Vietnam’s public debt hit the lowest since 2015 at 58.4% of the GDP as of the end of 2018, much lower than the projection of 63.9% made by the Ministry of Planning and Investment (MPI) last August, according to the Ministry of Finance (MoF).
According to the MoF, the government debt in 2018 stood at 50% of the country’s GDP, government guaranteed-debt at 7.9%, foreign debt at 46% and provincial government debt at 0.5%.
All the figures are within the limit and lower than the national financial plan in the 2016 – 2020 period, stated the MoF in its report to the National Assembly (NA).
The NA’s Finance-Budget Committee attributed the lower debt public ratio to government’s tightened state budget overspending and ongoing debt restructuring efforts that helped ensure the state’s repayment capacity and relieve pressure on public debt compared to previous periods.
In 2018, the MoF reduced the amount of outstanding government bonds amid growing volatility of monetary and foreign exchange markets.
Additionally, the average maturity of the government bonds was extended to 12.7 years, while more than 90% of the government bonds have over 10 years in maturity.
The MoF also stressed the ODA would not be used for inefficient projects and in fields where Vietnam has mastered the technologies.

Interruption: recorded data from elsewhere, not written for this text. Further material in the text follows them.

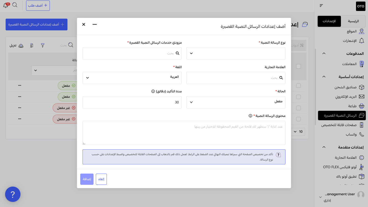 تتيح ميزة إعدادات الرسائل القصيرة في OTO للشركات إرسال رسائل نصية شخصية تحمل العلامة التجارية لأغراض متعددة مثل تأكيد الطلبات، التتبع، التعليقات، والمزيد. تتكامل هذه الميزة مع مزود خدمة الرسائل القصيرة الخاص بك وترتبط بالصفحات القابلة للتخصيص، مما يخلق تجربة تواصل متماسكة مع العملاء. من خلال إعداد أنواع الرسائل القصيرة وصفحاتها القابلة للتخصيص، يمكن للشركات تحسين التواصل وتوفير روابط تفاعلية للعملاء.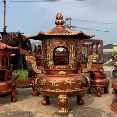 佛教鑄銅多層浮雕燒紙化寶佛塔香爐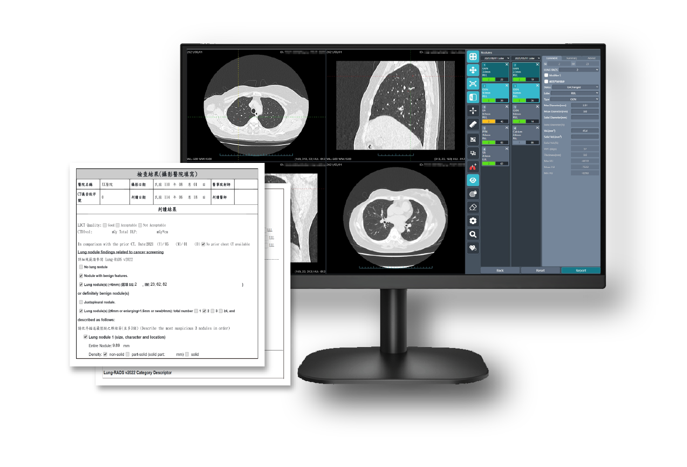 Ti-LUNG軟體是一款肺部電腦斷層決策支援系統,用於檢視、分析肺部電腦斷層影像,識別疑似結節區域和評估其良、惡性程度,提供肺部結結特徵和Lung-RADS分級,以提升醫師閱片效率,並快速產生符合臨床需求的診斷報告,增加工作效率。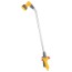 Stavsprinkler med låsbar avtryckare i läge på/av med separat flödeskontroll. Reglerbart sprayhuvud med fem sprutmönster: Jetstråle, kona, snabbfyllning, flat spraystråle och fin strilspray. Förlängt handtag på 90 cm.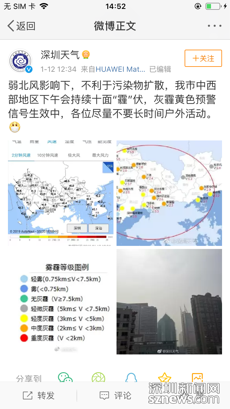 1月12日中午,深圳天氣微博發(fā)布預(yù)警,圖中橙色圓點(diǎn)所在的深圳多個(gè)片區(qū)發(fā)生中度灰霾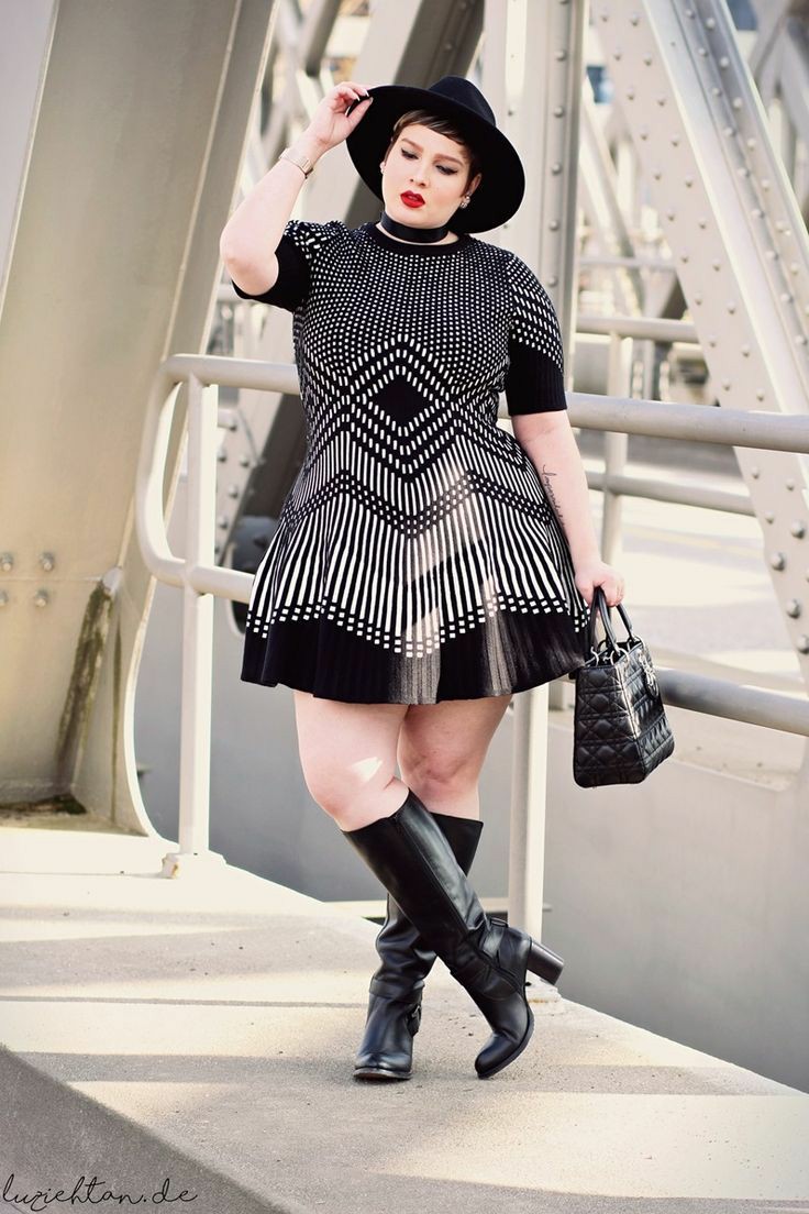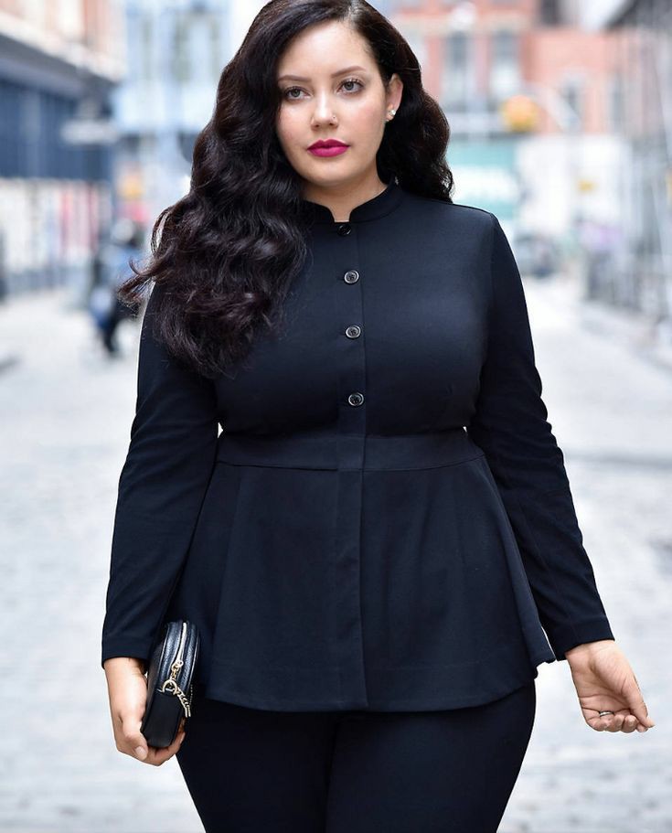 در این استایل مدل لباس و اندام بیشتر از کیف دیده میشود در نتیجه ابن تضاد باعث میشود که اندام درشت تر دیده شود.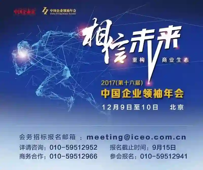 2017(第十六届)中国企业领袖年会会务招标已经启动(详情请戳:企业领袖大聚会,需要一个大舞台,你有好创意吗?),欢迎报名,资料请发邮箱:meeting@iceo.com.cn。点击下图可报名参会。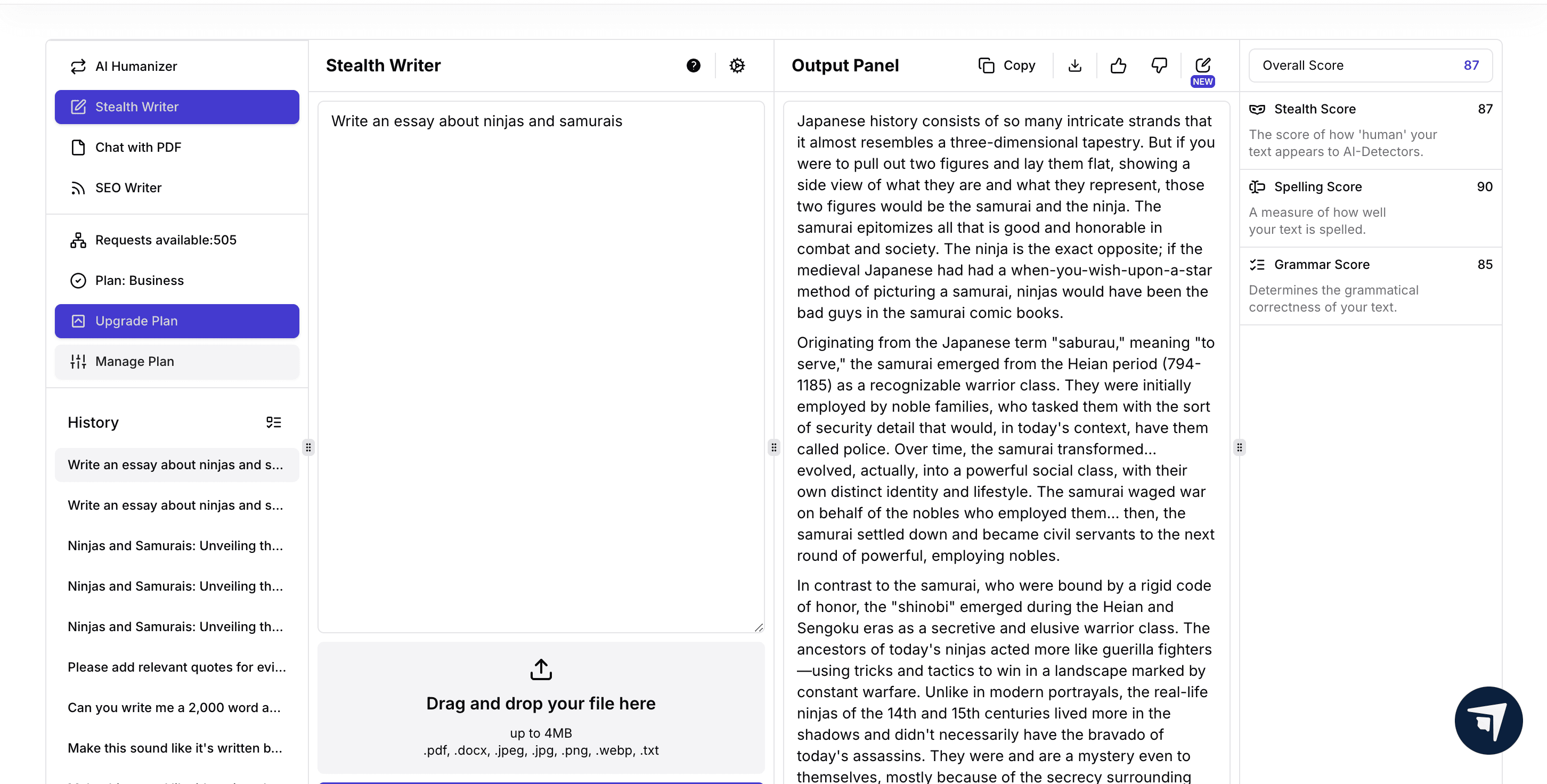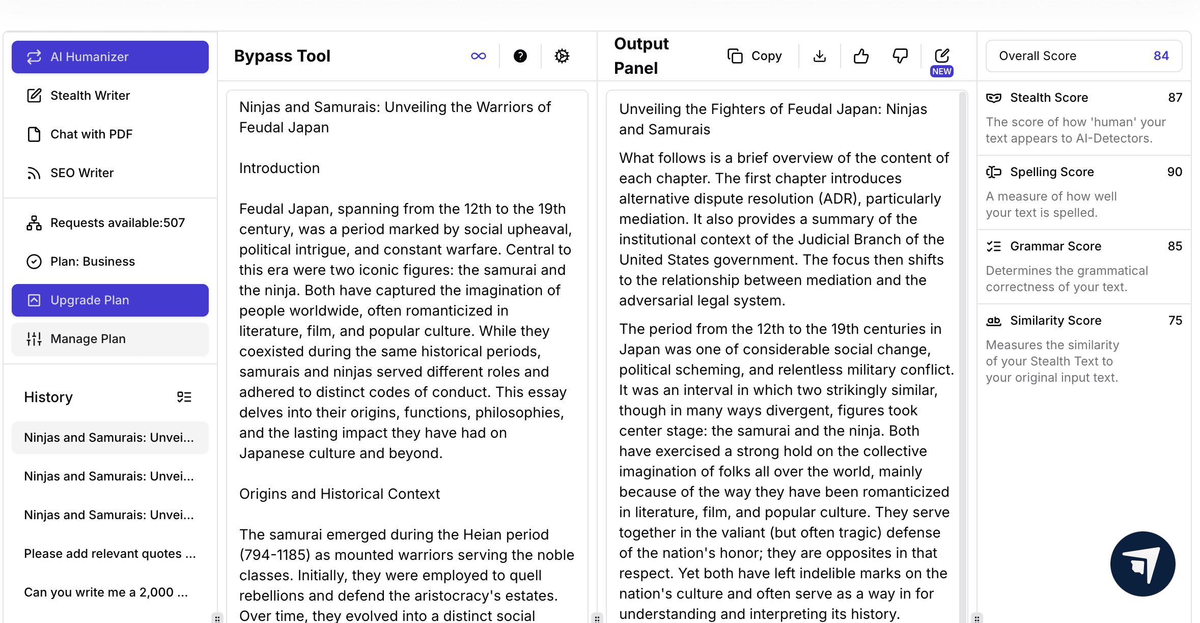 With the AI humanizer proven to be as sharp as ever, lets rev up the Stealthwriter to give us a ninja/samurai essay from scratch and compare the results.

Vietnam’s state budget overspending down VND12.5 trillion (US$534.4 million) against the MoF’s previous report to VND191.5 trillion (US$8.18 billion) as of the end of 2018, equivalent to 3.46% of the GDP – lower than the NA’s estimate of 3.7% of GDP.
Last August, Vietnam’s public debt was projected by the MPI to reach VND3,530 trillion (US$152.34 billion) or 63.92% of GDP by the end of 2018, up from the previous rate of 61.3% in 2017.
The ministry’s projection for public debt is based on assuming the average economic growth rate of 6.53%, equivalent to nominal GDP of VND5,530 trillion (US$238.54 billion) and inflation rate staying below 4%.